Although it is Columbus Day on Cape Cod, the air is still and warm and, this late in the afternoon, the beach and dunes are giving off the heat they’ve absorbed all day. I don’t need the sweater I’m wearing, and the public area of the beach closest to the access road is surprisingly populated with late-day walkers and visitors.
At the far end of the beach, away from the “crowd,” I walk with my Nikon SLR slung from my neck. I start to work the scene surrounding me, dipping my knees, tipping my head, birdlike – playing the angles, scanning the beach, the footpaths, the dunes for light, or color, or a shape that calls to me. Taking a step forward, or right, dropping eight inches or crooking my neck at a certain tilt, the path before me takes a graceful shape through my lens. The assignment is for a shot of a beach path, and I move quickly before the shadows become too deep in the footprints against the bright highlights in the sand.
And besides, there’s another shot I want. As I’d parked my car I noticed the low light developing against a row of grasses on the edge of the marsh that sits opposite the beach. Sunset is my favorite time of day to shoot, when the light is warm and low, the colors of the environment saturated.
I walk briskly (imagine trying keep up with a friend with longer legs) back through the parking lot toward the marsh. I know this is a race. I know I’ve got something here. The stand of backlit, feather-topped marsh weed is lit up in an icy array against a line of trees in shadow in the distance. I have a weakness for backlit foliage. When armed with a camera, I am drawn to it like one might be to the edible round goodness of a cherub-eyed baby, or the scented neck of a lover.

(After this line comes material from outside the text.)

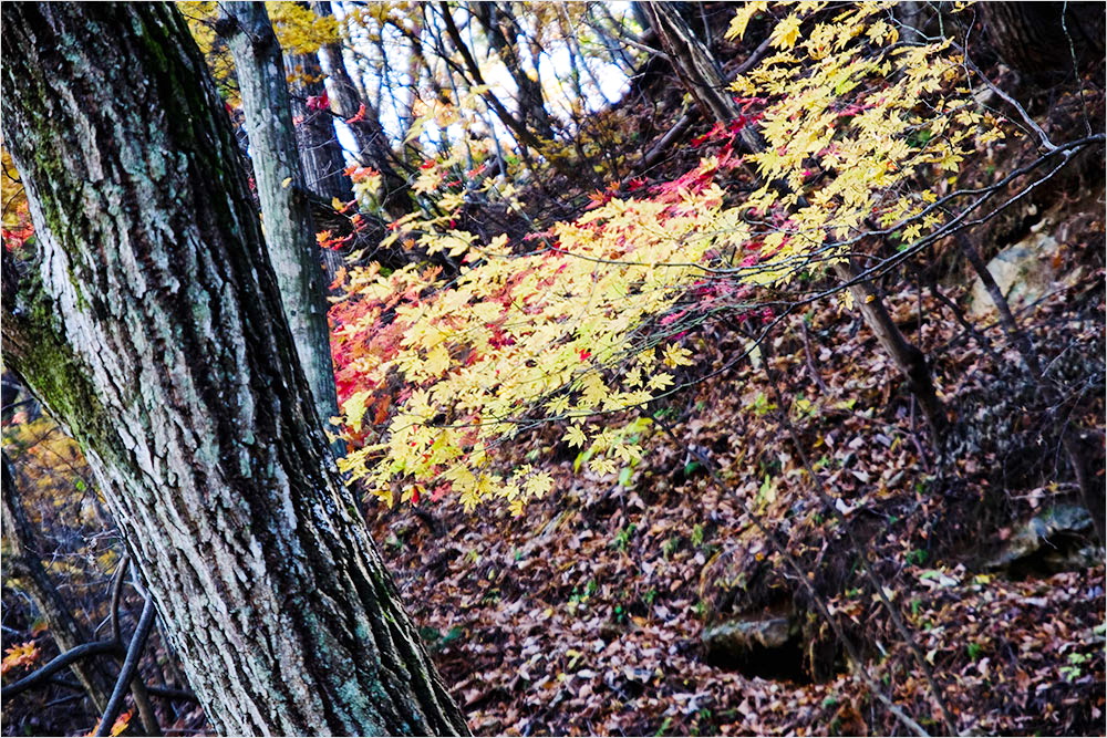 만덕전 아래 냇가에는 때늦은 진달래가 망울지고 있었다. 거꾸로 되짚어 오는 언덕길에 단풍이 고왔다. 붉고 누르고 푸른 단풍 빛과 산사를 오르내리는 사람들이 입은 원색의 등산복 빛깔이 어우러지는 주말의 산사는 굳이 단풍이 아니라도 좋았다.

In photography, I want to capture moments, images like this. Yes, to grab, to have, to keep, and lose myself in them. And lose myself I do. Funny thing is, I can’t tell you why or what the reason is. Yes, it would be nice to end up with a stunning image to share, that people might fawn over or be able to declare -through evidence of which – what talent I possess. But when I’m shooting, it’s not about that. It’s about something not expressible, something tangible and infinite both. It’s about the feather-duster array that might just as easily be caked with hoarfrost in the sunshine or lit up with electric power and simply look beautiful. It’s the proof – thank god – that things can be this beautiful. And can somehow be made to last.
After what must have been twenty minutes and two hundred exposures tiptoeing the edges of crusty grass and brush, viewfinder pinned to my left eye, I let my camera hang on my neck and back up onto the pavement.
Gathering back into myself, I rub my eyes, shake my face, and reabsorb the full periphery of the parking lot around me. Setting my intent on my own car, I cross the lot and get in, and choose not to take one more shot of the last of the golden light on the fence before me. The sky is graying. It is getting dark.